There is one phase of this case that in logic and circumspect we find ourselves possible victims of impalation on the horns of a dilemma: The trial court said at the end of the case that he thought "truth hasn't been rampant around here, I have to pick what I think is the truth," that "I would think the property in pink ought to go to Austin," and that "I think the testimony of a man who teaches school, who's been a bishop in his church, should be given a little more weight than the other witnesses." Counsel for appellant has tossed these remarks at us to have us conclude that the court did a handspring in arriving at his ultimate decision, and that there can be no retreat thereform, and that his gratuity from the bench is the appealable decision. There is merit to the handspring observation, but this is not decisive of the matter.2 Consistency may be a jewel but studious reflection may be a cutting tool with which one might change or polish an off-the-cuff facet. We think that the inconsistency of the trial court's gratuitous oral remarks justifiably might be tempered by the pearls of wisdom cultured by respondent's counsel to the effect that the court probably "took a different look at the character of the witness." I am aware of the possibility that counsel for appellant might suggest that such pearls lacked lustre.

Examining the whole voluminous record, we feel constrained to hold that the court did not err in its decision which, under the facts of this case, viewed favorably to the successful party is supported by the principles of equity cited by both parties. Saying this we do not condemn Austin as being a purveyor of deceit. Undue influence well may be an honest overzealousness engendered by good motives but reviewable in equity to determine the rights of individuals.

The trial court decided that a confidential relationship existed between Austin and his mother, and that the former exerted undue influence over her, justifying the avoidance of the deeds. This conclusion was confirmed, we think, in the evidence, and the court's action of necessity indicated that it was based on an inequitable overreaching arising out of such relationship, coupled with the particular facts of this case that resulted in the execution of the deeds. The general principles of equity urged by both sides are in harmony with the conclusions of the court. This is true whether this case be approached from a confidential relationship standpoint or from an undue influence theory, or both.

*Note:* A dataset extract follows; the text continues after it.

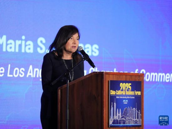 6月2日,在美国洛杉矶,洛杉矶地区商会主席玛丽亚·萨利纳斯在2025年中国—加州经贸论坛上发表讲话。新华社发(邱晨摄)

We think, however, that Austin should be allowed credit for any taxes or other expenses he paid incident to his possession, use and improvement of the property, and should be charged with any proceeds and/or benefits he received as a result of such possession and use of the property. An accounting should be had with respect to these credits and debits, not including, however, any credit with respect to any services he rendered to his mother. It appears that other members of the family may have rendered more service to their mother than Austin, — and to go into this area would lead only to more litigation not justified by the pleading, proof or contentions found in this case.

The decision of the lower court is supplemented so as to provide the accounting mentioned above. It is so ordered, unless the parties, by proper stipulation, show a unified inclination to forego it.


CROCKETT, J., concurs in the result.


1. 17 Utah.2d 53, 404 P.2d 253 (1965).
2. McCollum v. Clothier, 121 Utah. 311, 241 P.2d 468 (1952).